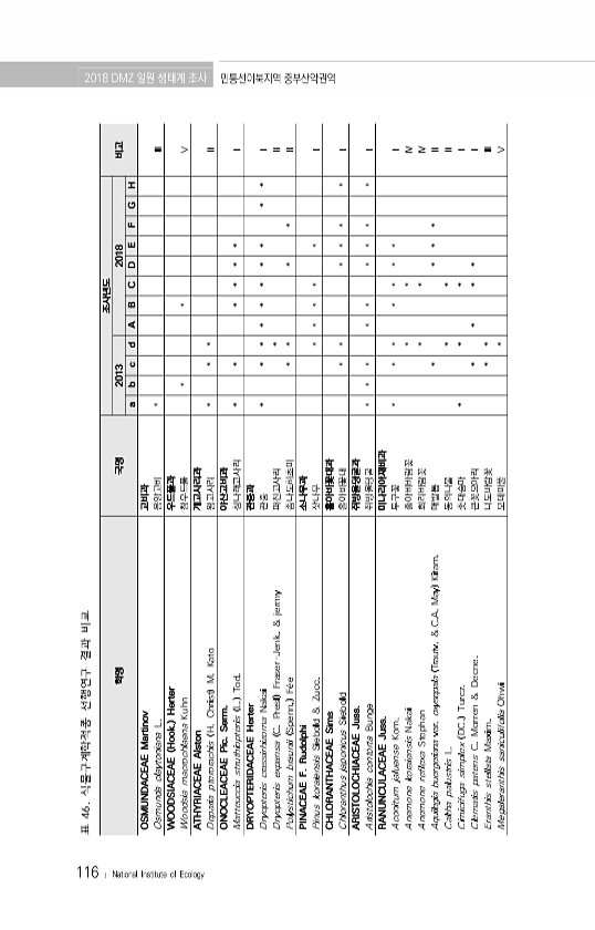 116 ? National Institute of Ecology 학명 국명 조사년도 2013 2018 비고 a b c d A B C D E F G H OSMUNDACEAE Martinov 고비과 Osmunda claytoniana L. 음양고비 * Ⅲ WOODSIACEAE Hook. Herter 우드풀과 Woodsia macrochlaena Kuhn 참우드풀 * * Ⅴ ATHYRIACEAE Alston 개고사리과 Deparia pterorachis H. Christ M. Kato 왕고사리 * * * Ⅱ ONOCLEACEAE Pic. Serm. 야산고비과 Matteuccia struthiopteris L. Tod. 청나래고사리 * * * * * * Ⅰ DRYOPTERIDACEAE Herter 관중과 Dryop...
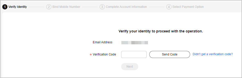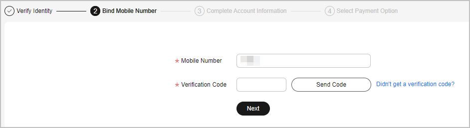 - Enter a mobile number allocated in the region where your account is registered, click Send Code, and enter the SMS verification code in the text box.
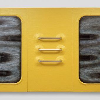 Tsu’s background in architecture and work as a word processor come to bear in his work which uses the shape and size of computer screens or TV monitors, a powerful medium of how we experience the world. His sculptures like Autopsy (1988) and Vertical Ooze (1987) use a landscape of ceramic tiles and painted wood to create multi-layered modular units that may refer to a utilitarian use and to the building blocks of technology in general.
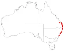 This species of styphelia grows in coastal heath from Hawks Nest in New South Wales to south-east Queensland.[2][8]
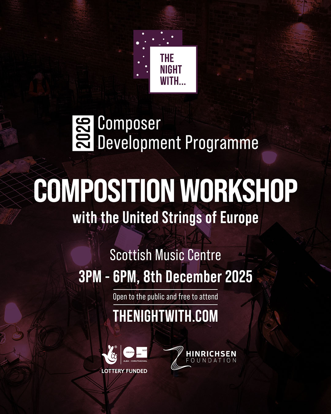 The Night With… 2026 Composer Development ProgrammeCOMPOSITION WORKSHOP with the United Strings of Europe3PM – 6PM, 8th December, Scottish Music CentreOpen to the public and free to attend.
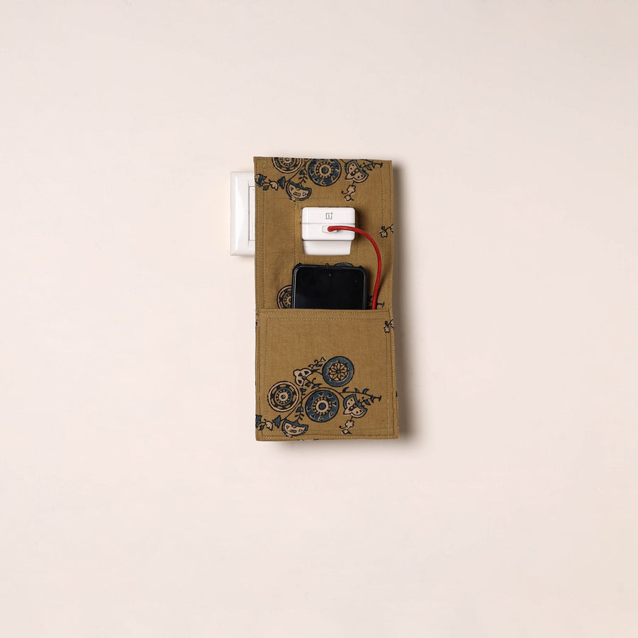 Handmade mobile charging holder is crafted from durable cotton fabric and features a convenient cut-out to hang directly on the plug. Designed with a deep front pocket, it securely holds your phone while charging. Created by artisans, it’s lightweight, foldable, fitting most phone sizes. A practical pick for home, office or travel use.
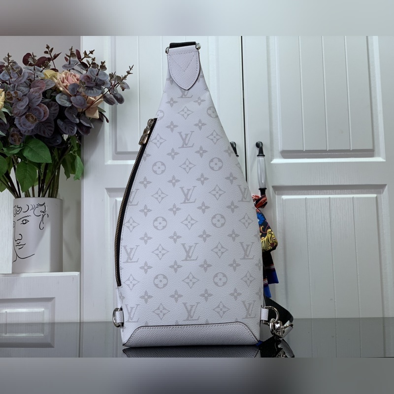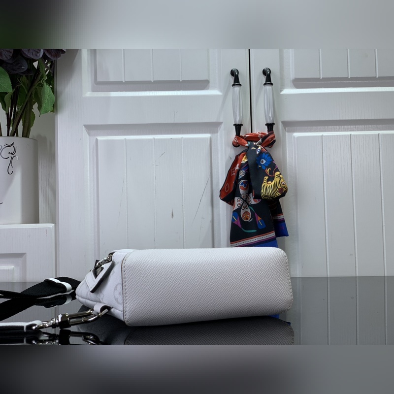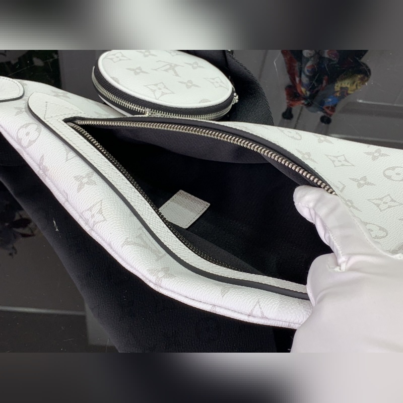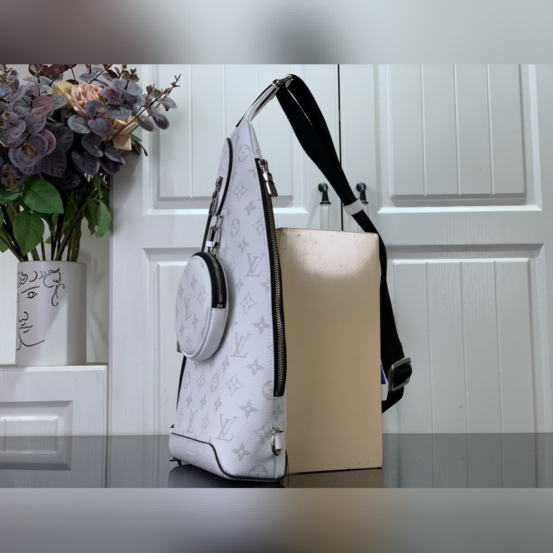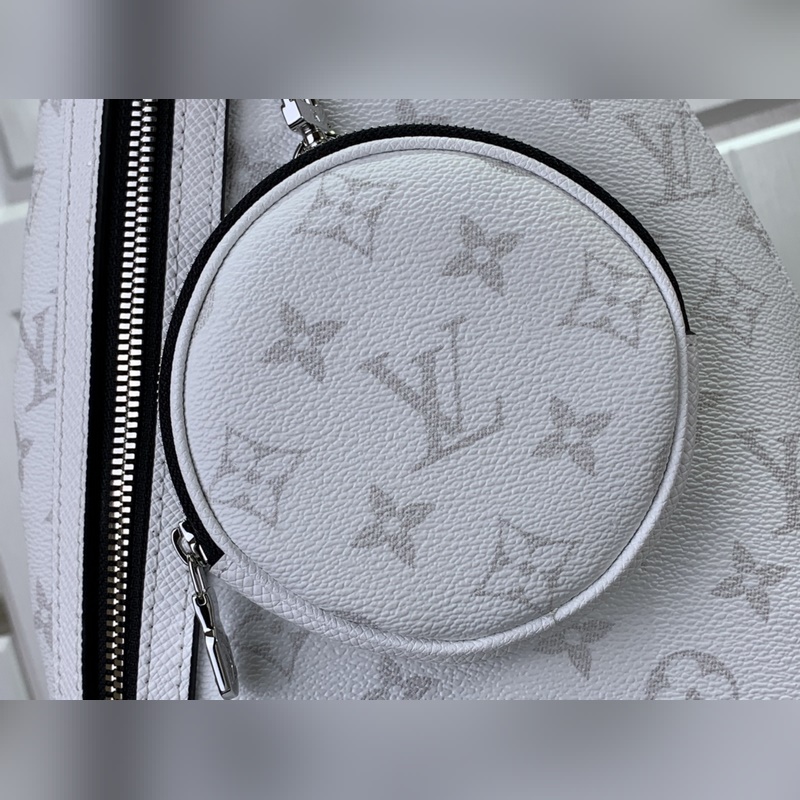 Duo-olkalaukku, jossa on yhdistetty Monogrammi-kanvas ja Ta ga lehmännaha, irrotettava vetoketjullinen laukku ja vetoketjulliset sivutaskut vaihdon tai muiden tarpeiden säilyttämiseen, tulkitsee erilaisten trendien käsitettä rennossa tyylissä, tarjoten vaihtoehdon perinteisille reppuille.
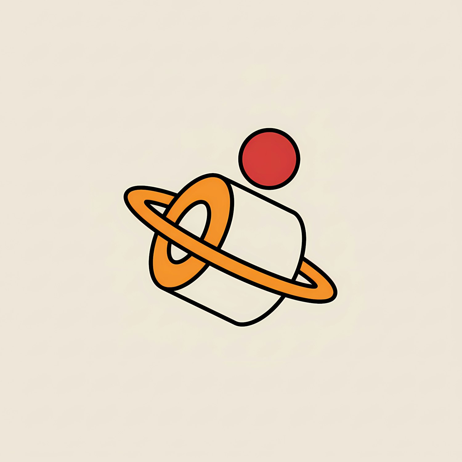 Minimalist design of a red circle, white cylinder, and orange ring on a beige background, creating a modern and abstract composition.
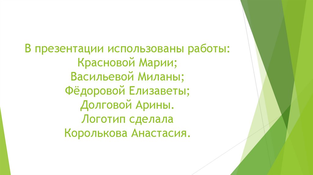 В презентации использованы работы:Красновой Марии;
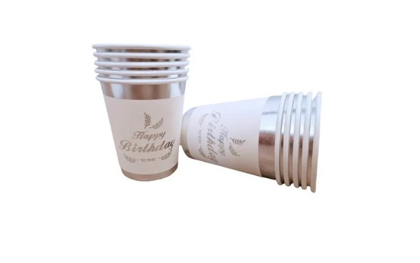 Kubeczki papierowe srebrne Happy Birthday 10szt
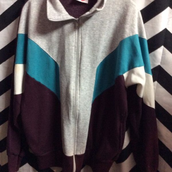 Sweatshirt/jacket, zip-up, tri toned color block design, maroon/turq/gray as is
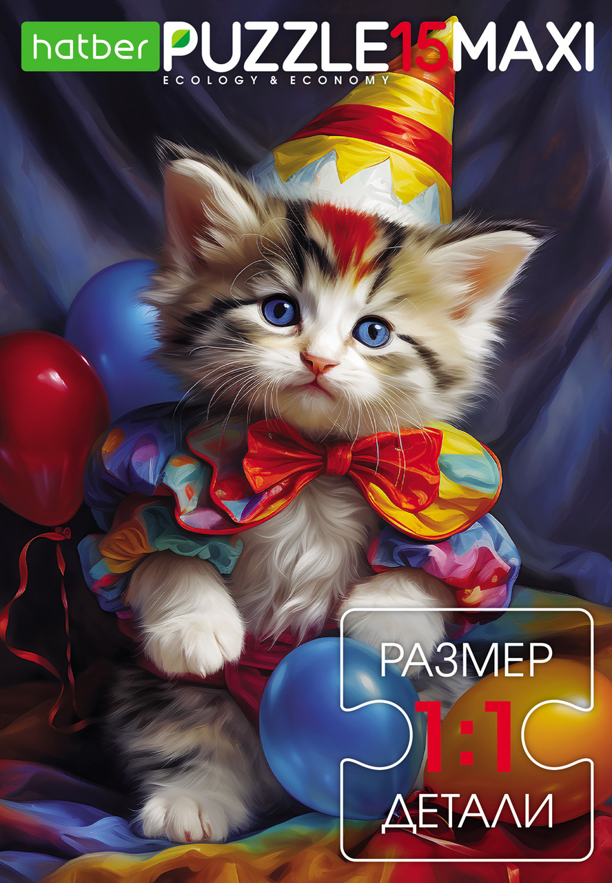 Пазлы для детей Hatber Котик-клоун 15 элементов А4ф, 220 x 330мм
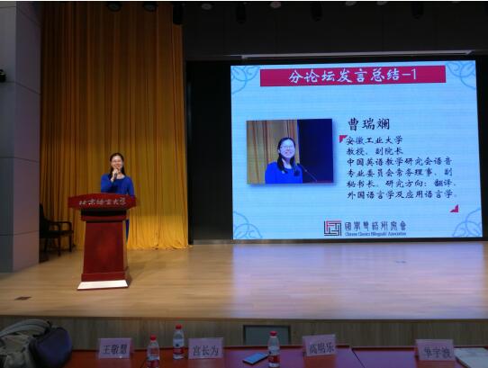 在本届高端论坛上,曹瑞斓教授还受邀担任分论坛主持人,并以赏心悦目的主持风格和专业的主持水平被推选在论坛闭幕式上总结发言。她在闭幕式上的精彩总结得到了在座的学会领导、嘉宾和与会各界代表的高度赞赏,展示了我院形象,并借此机会诚挚向各界友人发出来访邀请。我院教师今后将积极参与国学经典的研究和译介活动,践行国家号召,为弘扬国学经典在全球的传播、促进中华文化“走出去”,推动我院学科发展,进一步扩大学院的影响力、提升学院的美誉度而努力。(撰稿:于春莉、庞东霞;审核:洪流)
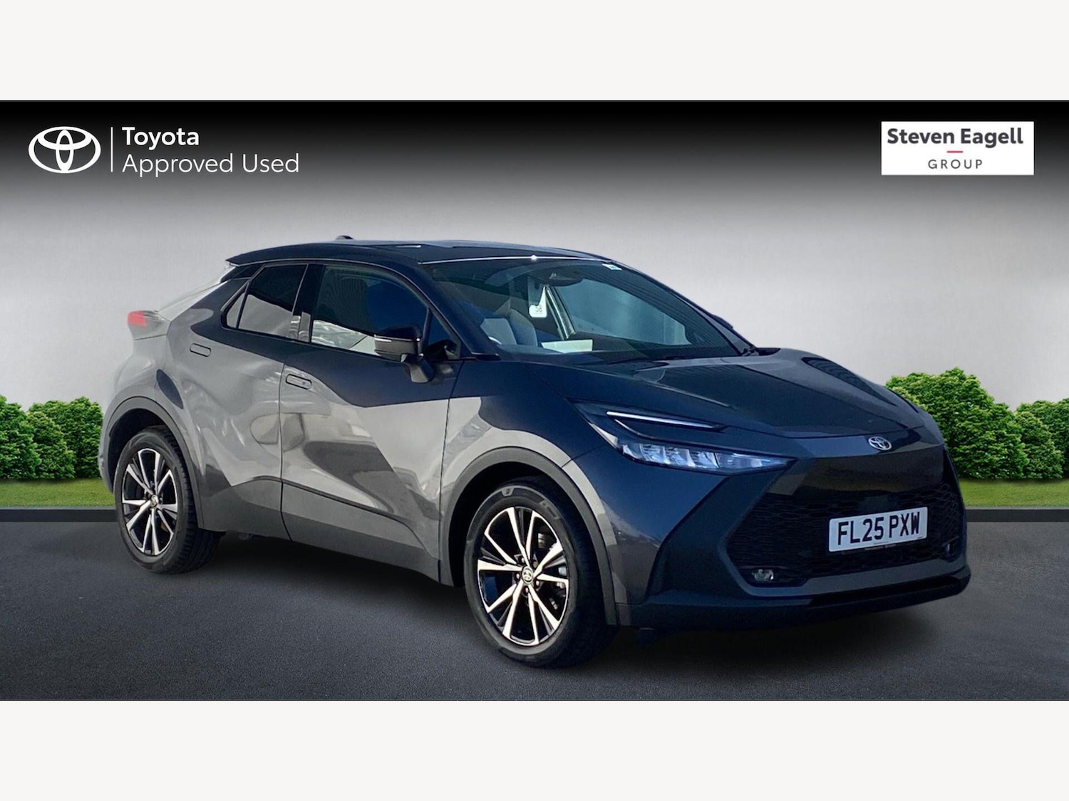 0 Previous Owners, Franchise Approved, This 2025 Toyota CHR VVTh Design is a superb example, having had only one owner from new and carrying Toyota manufacturer approval. This stylish hybrid SUV features a 1.8 litre petrol hybrid engine, meeting Euro 6 emission standards. Its Design trim level comes equipped with a suite of advanced parking assistance systems, including a reversing camera with rear parking sensors and intelligent front parking sensors with clearance sonar and automatic braking. You'll also appreciate the convenience of the remote air conditioning system and the clear visibility provided by the LED reflector headlights.The Toyota CHR VVTh Design stands out with its low CO2 emissions, making it an environmentally conscious choice. Furthermore, its placement in a low insurance group means that running costs are kept to a minimum, offering you excellent value. These highlights demonstrate how this particular CHR is a more economical and accessible option compared to many other vehicles in its class.
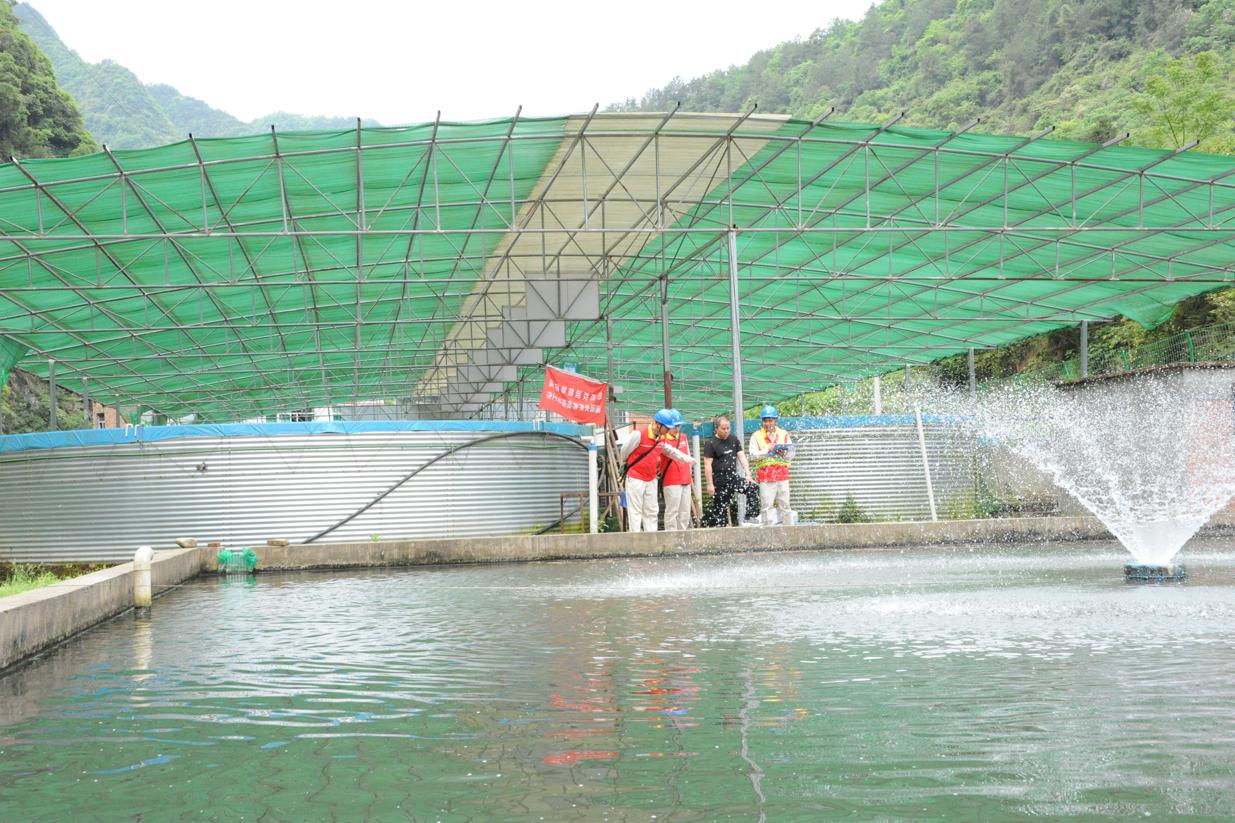 奉节县蓬运水产养殖基地负责人周蓬向国家电网红岩(奉节营销)共产党员服务队介绍育苗池技术。杨嵛杰 摄
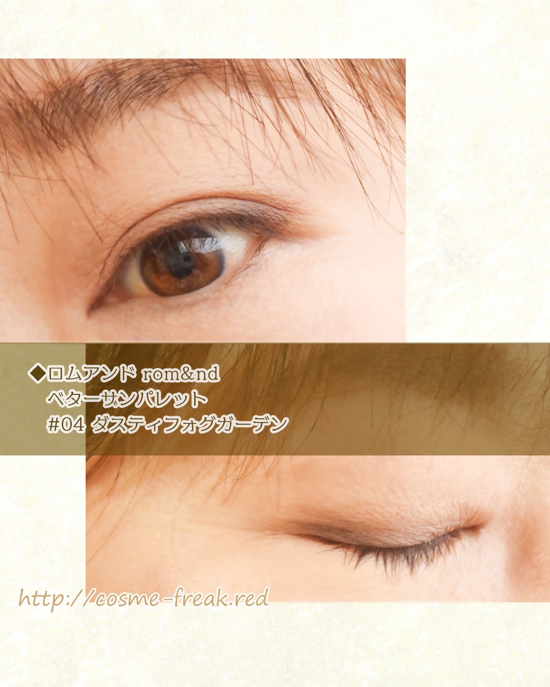 アイシャドウ塗るとなんかケバくなる…綺麗に塗れない…そんな時は「低彩度」に着目してみよう!💡ブラウンよりもグレーで陰影をつけると、メイクが濃くなりすぎずに自然に盛れる👍rom&ndベターザンパレット04ダスティフォグガーデングレー系だけどほん...

────

WHAT YOU WILL DO
All lines from the one bearing "Пазлы для детей" through the last line of the records, and only those, should be duplicated exactly; no picture belongs in the copy.

COMPLETED TASK
 Пазлы для детей Hatber Котик-клоун 15 элементов А4ф, 220 x 330мм
 在本届高端论坛上,曹瑞斓教授还受邀担任分论坛主持人,并以赏心悦目的主持风格和专业的主持水平被推选在论坛闭幕式上总结发言。她在闭幕式上的精彩总结得到了在座的学会领导、嘉宾和与会各界代表的高度赞赏,展示了我院形象,并借此机会诚挚向各界友人发出来访邀请。我院教师今后将积极参与国学经典的研究和译介活动,践行国家号召,为弘扬国学经典在全球的传播、促进中华文化“走出去”,推动我院学科发展,进一步扩大学院的影响力、提升学院的美誉度而努力。(撰稿:于春莉、庞东霞;审核:洪流)
 0 Previous Owners, Franchise Approved, This 2025 Toyota CHR VVTh Design is a superb example, having had only one owner from new and carrying Toyota manufacturer approval. This stylish hybrid SUV features a 1.8 litre petrol hybrid engine, meeting Euro 6 emission standards. Its Design trim level comes equipped with a suite of advanced parking assistance systems, including a reversing camera with rear parking sensors and intelligent front parking sensors with clearance sonar and automatic braking. You'll also appreciate the convenience of the remote air conditioning system and the clear visibility provided by the LED reflector headlights.The Toyota CHR VVTh Design stands out with its low CO2 emissions, making it an environmentally conscious choice. Furthermore, its placement in a low insurance group means that running costs are kept to a minimum, offering you excellent value. These highlights demonstrate how this particular CHR is a more economical and accessible option compared to many other vehicles in its class.
 奉节县蓬运水产养殖基地负责人周蓬向国家电网红岩(奉节营销)共产党员服务队介绍育苗池技术。杨嵛杰 摄
 アイシャドウ塗るとなんかケバくなる…綺麗に塗れない…そんな時は「低彩度」に着目してみよう!💡ブラウンよりもグレーで陰影をつけると、メイクが濃くなりすぎずに自然に盛れる👍rom&ndベターザンパレット04ダスティフォグガーデングレー系だけどほん...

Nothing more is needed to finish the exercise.